I want to fit it to the best fit plane what I did:

X = X(isfinite(X));% deleting the NaN because svd Doesn't accept them
Y = Y(isfinite(Y));
Z = Z(isfinite(Z));

G = [X,Y,Z,ones(size(X(:)))];
[u s v] = svd(G,0);
P = v(:,4);
scalar = 2*P./P(1);
P = P./scalar; % supposed to be my plane equation but there is something wrong

and then recalculate the Z from X and Y

Z = -(P(1)*X + P(2)*Y + P(4)) / P(3);

I don't know what the problem is!!

Fortuitous answered 13/9, 2013 at 12:28 Comment(19)
I don't even know where to start correcting all of the problems here. Start over. Go slowly. Think about what you are doing.Holoblastic
So please correct me and tell me what are the problemsFortuitous
When you say something is wrong, what is wrong? We don't know what the problem is either, unless you at least describe it.Segmentation
For other readers, this seems to have been pulled from my answer on plane fitting, which does indeed work: https://mcmap.net/q/1476295/-fast-plane-fitting-to-many-pointsSegmentation
1. If the different arrays have different numbers of hans, then X,Y,Z will NOT have the same number of elements after the deletions that were made.Holoblastic
2. If X,Y,Z are NxM matrices, then concatenating them using commas will NOT produce the fit you might be expecting! This will just do something ridiculous, and unexpected.Holoblastic
3. If your goal is to do an "errors in variables" fit, then there is NO reason to append a column of ones. Simply subtract off the global means. Then SVD will work properly.Holoblastic
Yes Peter I have got this from your answer but maybe I have made a mistake with applying itFortuitous
WoodChips the different matrices have the same number of NaNsFortuitous
4. The stuff with "scalar = 2*P./P(1)" is completely messed up. Hard to guess what they are trying to do there. Dividing by the coefficient of X, then they divide P by scalar. Essentially this just multiplies P by P(1)/2Holoblastic
@WoodChips the If you look again to the answer you will see that I don't have any more NxM Matrices. I have now Column vectors because I applied the isfinit functionFortuitous
@ Peter You are the only one who knows his answer and you may help me in thatFortuitous
Even if the arrays have the SAME number of NaNs, it is still obscene code, bound to produce bugs at some point in the future. Are the NaNs known to be in the same places?Holoblastic
IF your goal is to do a planar fit, I'll write an answer that is mathematically/numerically correct.Holoblastic
The number of NaNs for the matrices are always the sameFortuitous
My goal is to make planar fit for my data Yes and I will appreciate it if your code works with me :) because I am stuck nowFortuitous
You ONLY have vectors if there were NaNs in there to remove. Suppose that one day, your matrices DON't have any NaNs in them? Then your code will bug out because nothing was removed, then your arrays will still be NxM. My point is, this is terrible code, aimed to generate bugs for sure in your future.Holoblastic
IT won't bug because if my matrices don't have NaNs in them , then it won't delete any of them and I will have column vector :). but My data alwaysss has NaNsFortuitous
The 2*P./P(1) was specific to the original answer. ABCD plane coefficients can vary by a scalar, and the scaling by 2 was just to show that the derived numbers really did match the original coefficients.Segmentation
H
10

Ok, so the goal is to do a planar fit to your data. We presume that there MAY be NaN elements in at some of the arrays. So lets do an errors in variables fit to the data.

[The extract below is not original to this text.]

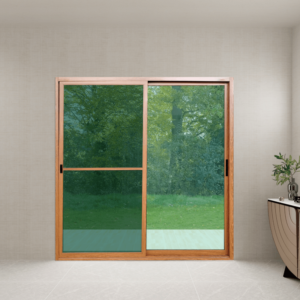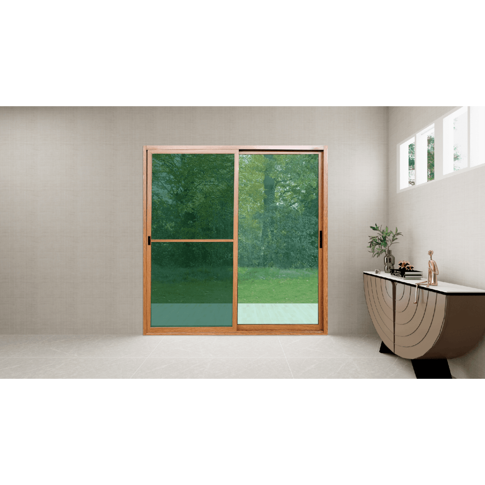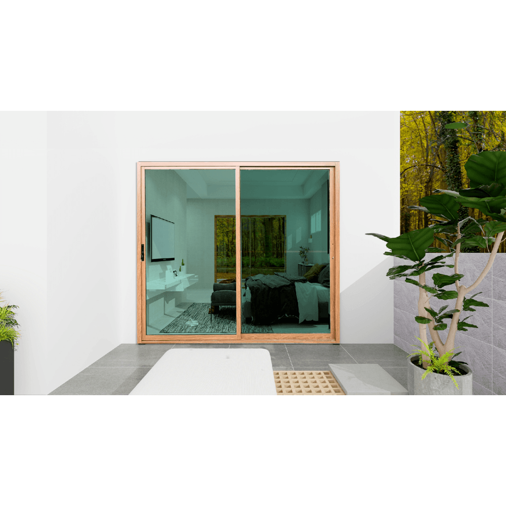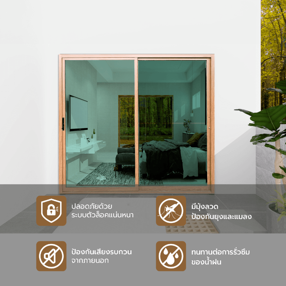 WELLINGTAN ประตูอลูมิเนียมบานเลื่อน N-ADG2025 200x205CM สีไม้พร้อมมุ้ง

% First, remove NaNs. All the NaN (if any) will be in the same places,
% so we need do only one test. Testing each of X,Y,Z leads to confusion
% and leads to the expectation that the NaNs are NOT in the same places
% with some potential.
k = isfinite(X);
if all(k(:))
  % in this case there were no nans, so reshape the arrays into vectors
  % While X(k) would convert an array into a column vector anyway in
  % this case, it seems far more sane to do the reshape explicitly,
  % rather than let X(k) do it implicitly. Again, a source of ambiguity
  % removed.
  X = X(:);
  Y = Y(:);
  Z = Z(:);
else
  X = X(k);
  Y = Y(k);
  Z = Z(k);
end

% Combine X,Y,Z into one array
XYZ = [X,Y,Z];

% column means. This will allow us to do the fit properly with no
% constant term needed. It is necessary to do it this way, as
% otherwise the fit would not be properly scale independent
cm = mean(XYZ,1);

% subtract off the column means
XYZ0 = bsxfun(@minus,XYZ,cm);

% The "regression" as a planar fit is now accomplished by SVD.
% This presumes errors in all three variables. In fact, it makes
% presumptions that the noise variance is the same for all the
% variables. Be very careful, as this fact is built into the model.
% If your goal is merely to fit z(x,y), where x and y were known
% and only z had errors in it, then this is the wrong way
% to do the fit.
[U,S,V] = svd(XYZ0,0);

% The singular values are ordered in decreasing order for svd.
% The vector corresponding to the zero singular value tells us
% the direction of the normal vector to the plane. Note that if
% your data actually fell on a straight line, this will be a problem
% as then there are two vectors normal to your data, so no plane fit.
% LOOK at the values on the diagonal of S. If the last one is NOT
% essentially small compared to the others, then you have a problem
% here. (If it is numerically zero, then the points fell exactly in
% a plane, with no noise.)
diag(S)

% Assuming that S(3,3) was small compared to S(1,1), AND that S(2,2)
% is significantly larger than S(3,3), then we are ok to proceed.
% See that if the second and third singular values are roughly equal,
% this would indicate a points on a line, not a plane.
% You do need to check these numbers, as they will be indicative of a
% potential problem.
% Finally, the magnitude of S(3,3) would be a measure of the noise
% in your regression. It is a measure of the deviations from your
% fitted plane.

% The normal vector is given by the third singular vector, so the
% third (well, last in general) column of V. I'll call the normal
% vector P to be consistent with the question notation.
P = V(:,3);

% The equation of the plane for ANY point on the plane [x,y,z]
% is given by
%
%    dot(P,[x,y,z] - cm) == 0
%
% Essentially this means we subtract off the column mean from our
% point, and then take the dot product with the normal vector. That
% must yield zero for a point on the plane. We can also think of it
% in a different way, that if a point were to lie OFF the plane,
% then this dot product would see some projection along the normal
% vector.
%
% So if your goal is now to predict Z, as a function of X and Y,
% we simply expand that dot product.
% 
%   dot(P,[x,y,z]) - dot(P,cm) = 0
%
%   P(1)*X + P(2)*Y + P(3)*Z - dot(P,cm) = 0
%
% or simply (assuming P(3), the coefficient of Z) is not zero...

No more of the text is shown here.